= The Shepherd of Hermas =

Christian literary work of the 1st or 2nd century

The Shepherd of Hermas (Ποιμὴν τοῦ Ἑρμᾶ; Pastor Hermae), sometimes just called The Shepherd, is a Christian literary work of the late first half of the second century, considered a valuable book by many Christians, but not considered canonical scripture by the early Church Fathers such as Irenaeus. The Shepherd was popular among Christians in the 2nd, 3rd, and 4th centuries. It is found in the Codex Sinaiticus. The Muratorian fragment identifies the author of The Shepherd as Hermas, the brother of Pope Pius I. The Muratorian fragment also explicitly states that The Shepherd of Hermas is useful for private reading but not to be read publicly in the church because it is not apostolic.
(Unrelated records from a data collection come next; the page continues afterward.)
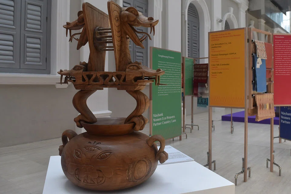 MAYBANK Foundation is presenting a travelling exhibition, Entwine: Maybank Women Eco-Weavers meets Southeast Asian Artists, of contemporary artworks by six South-east Asian artists who were inspired by the cultural history and art of the region's weaving heritage. The exhibits give a glimpse into the ancient art of traditional textile weaving.
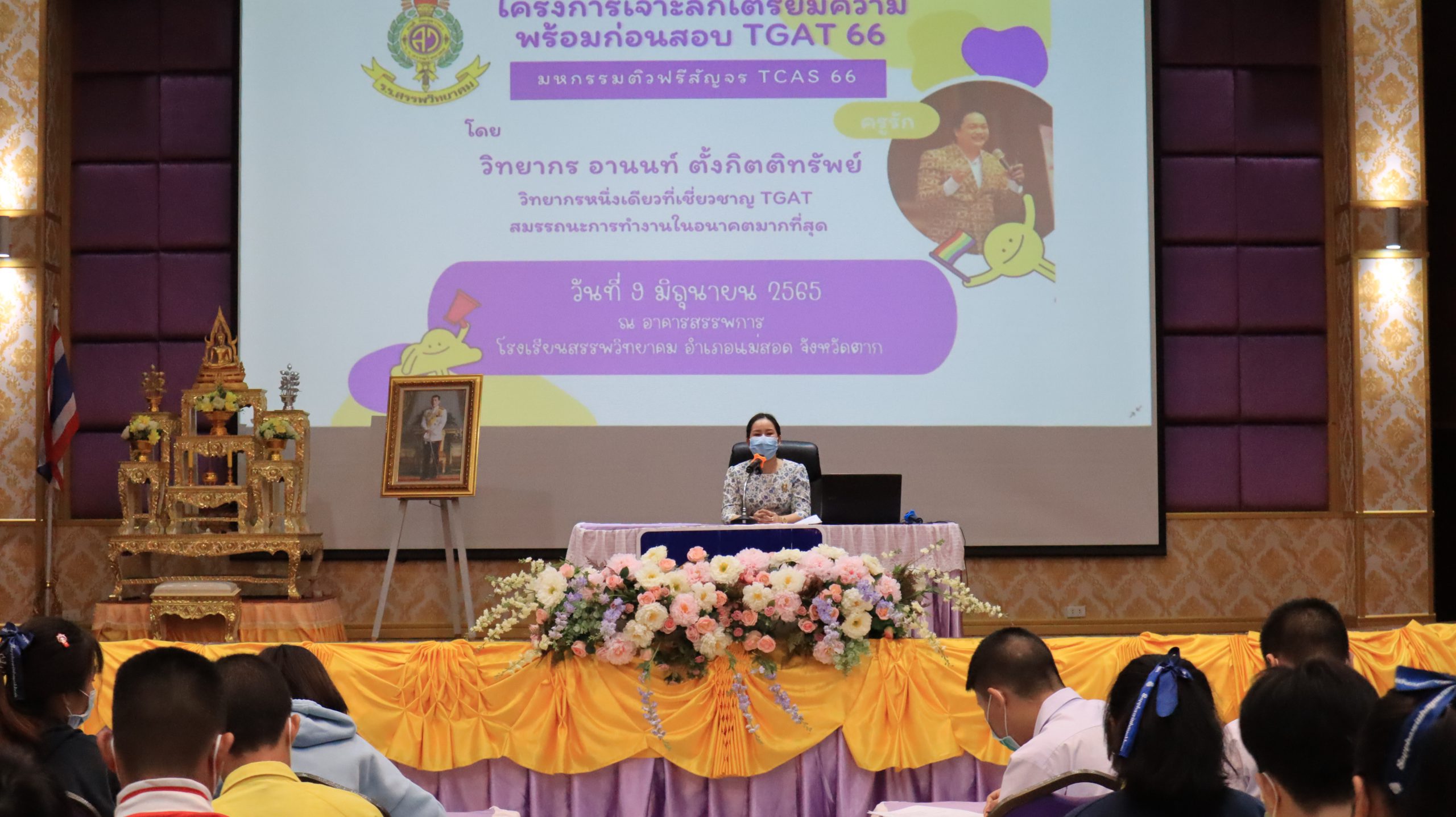 วันที่ ๙ มิถุนายน พ.ศ. ๒๕๖๕ นางสุภัทร เงินดี ผู้อำนวยการโรงเรียนสรรพวิทยาคม มอบหมายให้ นางพัทธนันท์ จิรเลิศธนานนท์ รองผู้อำนวยการโรงเรียนสรรพวิทยาคม เป็นประธานเปิด โครงการเจาะลึกเตรียมความ พร้อมก่อนสอบ TGAT 66 โดย ครูรัก วิทยากร อานนท์ ตั้งกิตติทรัพย์ วิทยากรหนึ่งเดียวที่เชี่ยวชาญ TGAT สมรรถนะการทำงานในอนาคตมากที่สุด ณ หอประชุมใหญ่สรรพการ โรงเรียนสรรพวิทยาคม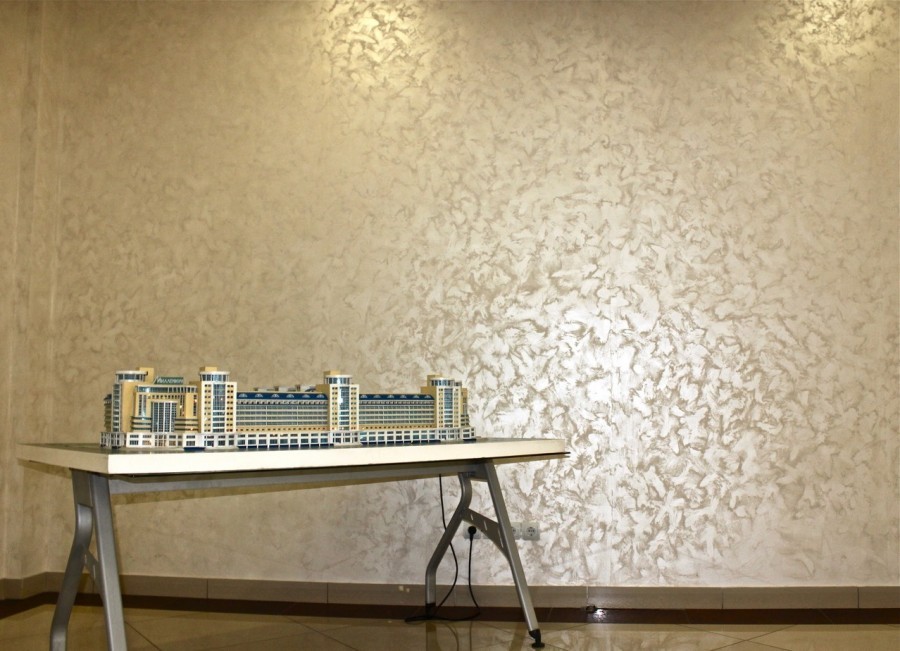 В составе смеси присутствуют перламутровые частицы. Они имитируют перелив легких тканей. Это оптимальный вариант для отделки спальни, гостиной и кухонного помещения.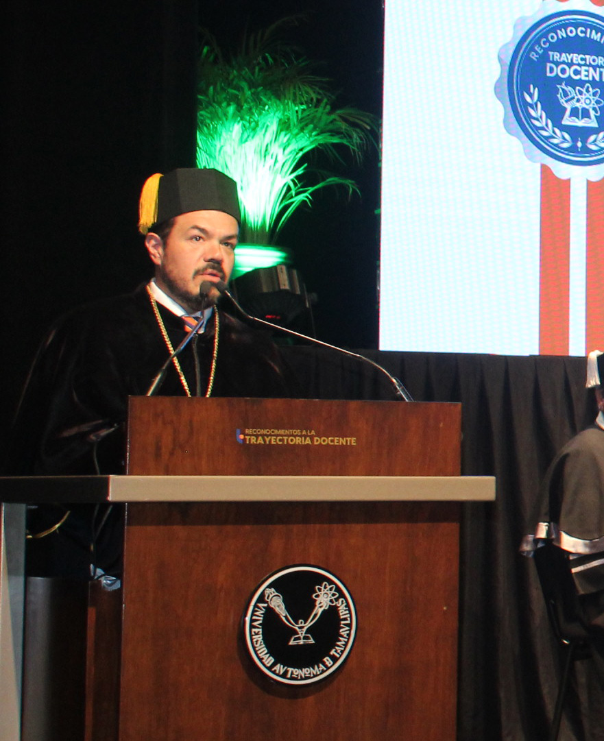 En su mensaje, el rector Guillermo Mendoza dijo que para la Universidad es un honor reconocer la trayectoria y el compromiso de sus docentes porque son parte fundamental del crecimiento educativo de la UAT.

==Language and translation==
The book was originally written in Rome in Koine Greek. A first Latin translation, the Vulgata (meaning "common language", with no connection to Jerome's Vulgate), was made very shortly afterwards. A second Latin translation, the Palatina (part of the collection of the Bibliotheca Palatina), was made at the beginning of the fifth century. Of the Greek version, the last fifth or so is missing. The Vulgata is therefore the earliest translation and the most complete witness.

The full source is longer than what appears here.